# STORED DATA
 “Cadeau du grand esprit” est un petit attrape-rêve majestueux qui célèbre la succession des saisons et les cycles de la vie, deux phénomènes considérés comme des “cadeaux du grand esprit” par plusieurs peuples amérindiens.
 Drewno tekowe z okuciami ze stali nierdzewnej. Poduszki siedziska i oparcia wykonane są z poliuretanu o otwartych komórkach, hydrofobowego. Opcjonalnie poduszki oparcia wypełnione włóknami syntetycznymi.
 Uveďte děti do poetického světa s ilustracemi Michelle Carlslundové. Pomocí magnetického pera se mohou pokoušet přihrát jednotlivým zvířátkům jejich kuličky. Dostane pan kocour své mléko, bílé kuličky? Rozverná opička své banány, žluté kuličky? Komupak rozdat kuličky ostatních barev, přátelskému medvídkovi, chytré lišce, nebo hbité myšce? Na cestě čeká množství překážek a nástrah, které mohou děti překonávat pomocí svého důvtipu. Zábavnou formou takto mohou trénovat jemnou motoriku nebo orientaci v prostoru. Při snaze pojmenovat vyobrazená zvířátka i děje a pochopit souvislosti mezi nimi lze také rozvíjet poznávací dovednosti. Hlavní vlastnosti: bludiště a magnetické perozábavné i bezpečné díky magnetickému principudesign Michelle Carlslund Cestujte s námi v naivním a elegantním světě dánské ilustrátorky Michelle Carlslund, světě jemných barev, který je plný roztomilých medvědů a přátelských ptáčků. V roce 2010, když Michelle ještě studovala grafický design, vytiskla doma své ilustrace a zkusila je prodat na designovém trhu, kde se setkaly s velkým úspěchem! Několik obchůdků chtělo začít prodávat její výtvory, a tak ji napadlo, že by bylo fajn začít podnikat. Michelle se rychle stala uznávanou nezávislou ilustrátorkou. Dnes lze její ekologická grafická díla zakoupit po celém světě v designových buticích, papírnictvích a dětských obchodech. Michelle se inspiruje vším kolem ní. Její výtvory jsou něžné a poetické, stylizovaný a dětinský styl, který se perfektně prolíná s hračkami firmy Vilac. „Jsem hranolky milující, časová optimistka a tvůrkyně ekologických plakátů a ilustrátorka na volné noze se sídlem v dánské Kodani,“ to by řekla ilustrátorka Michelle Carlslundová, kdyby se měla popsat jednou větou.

...

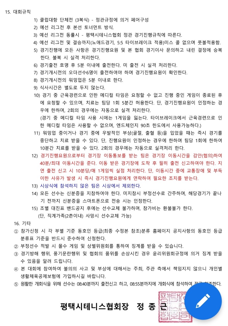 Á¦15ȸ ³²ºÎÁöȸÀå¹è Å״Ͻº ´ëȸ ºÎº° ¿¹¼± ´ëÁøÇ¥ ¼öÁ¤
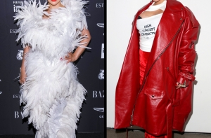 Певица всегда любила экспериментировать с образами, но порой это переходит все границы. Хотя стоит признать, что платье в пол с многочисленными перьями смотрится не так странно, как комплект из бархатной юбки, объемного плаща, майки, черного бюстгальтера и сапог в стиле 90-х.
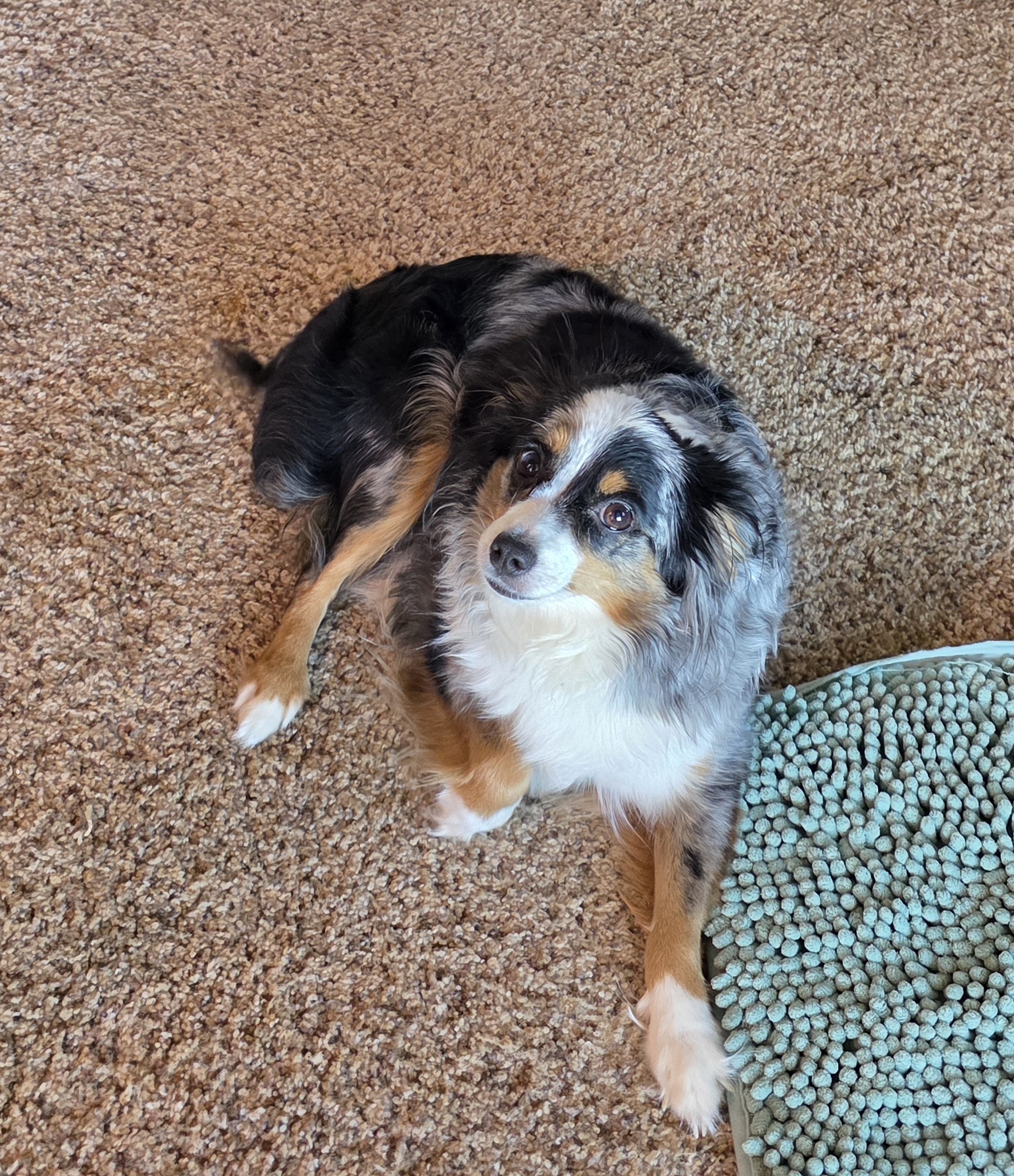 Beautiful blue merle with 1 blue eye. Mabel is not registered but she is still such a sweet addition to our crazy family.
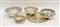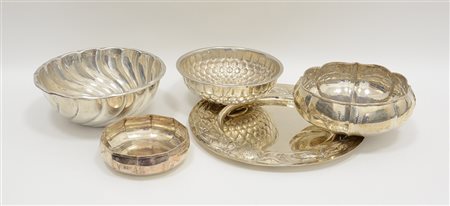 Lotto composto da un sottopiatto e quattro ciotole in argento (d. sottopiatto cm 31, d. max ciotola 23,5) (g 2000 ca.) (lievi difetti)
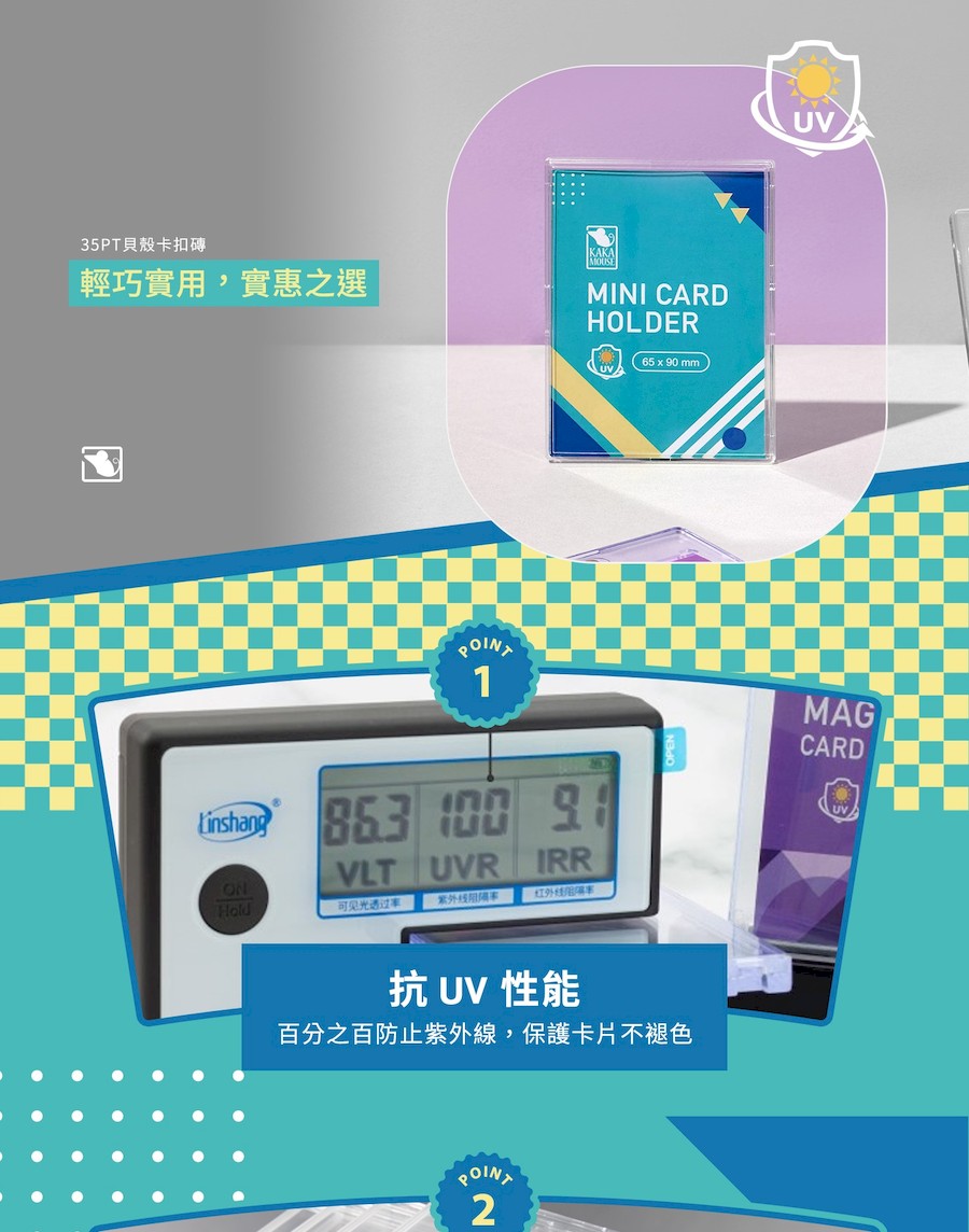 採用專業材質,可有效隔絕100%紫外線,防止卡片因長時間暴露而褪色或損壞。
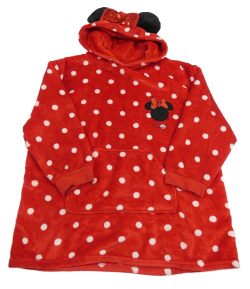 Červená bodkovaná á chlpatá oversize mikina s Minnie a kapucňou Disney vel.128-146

# PROBLEM STATEMENT
Working from the material above, restate word for word the lines between the line with "plusieurs peuples amérindiens." and the line with "Drewno tekowe z", both included, and only those.

# EXPECTED ANSWER
 “Cadeau du grand esprit” est un petit attrape-rêve majestueux qui célèbre la succession des saisons et les cycles de la vie, deux phénomènes considérés comme des “cadeaux du grand esprit” par plusieurs peuples amérindiens.
 Drewno tekowe z okuciami ze stali nierdzewnej. Poduszki siedziska i oparcia wykonane są z poliuretanu o otwartych komórkach, hydrofobowego. Opcjonalnie poduszki oparcia wypełnione włóknami syntetycznymi.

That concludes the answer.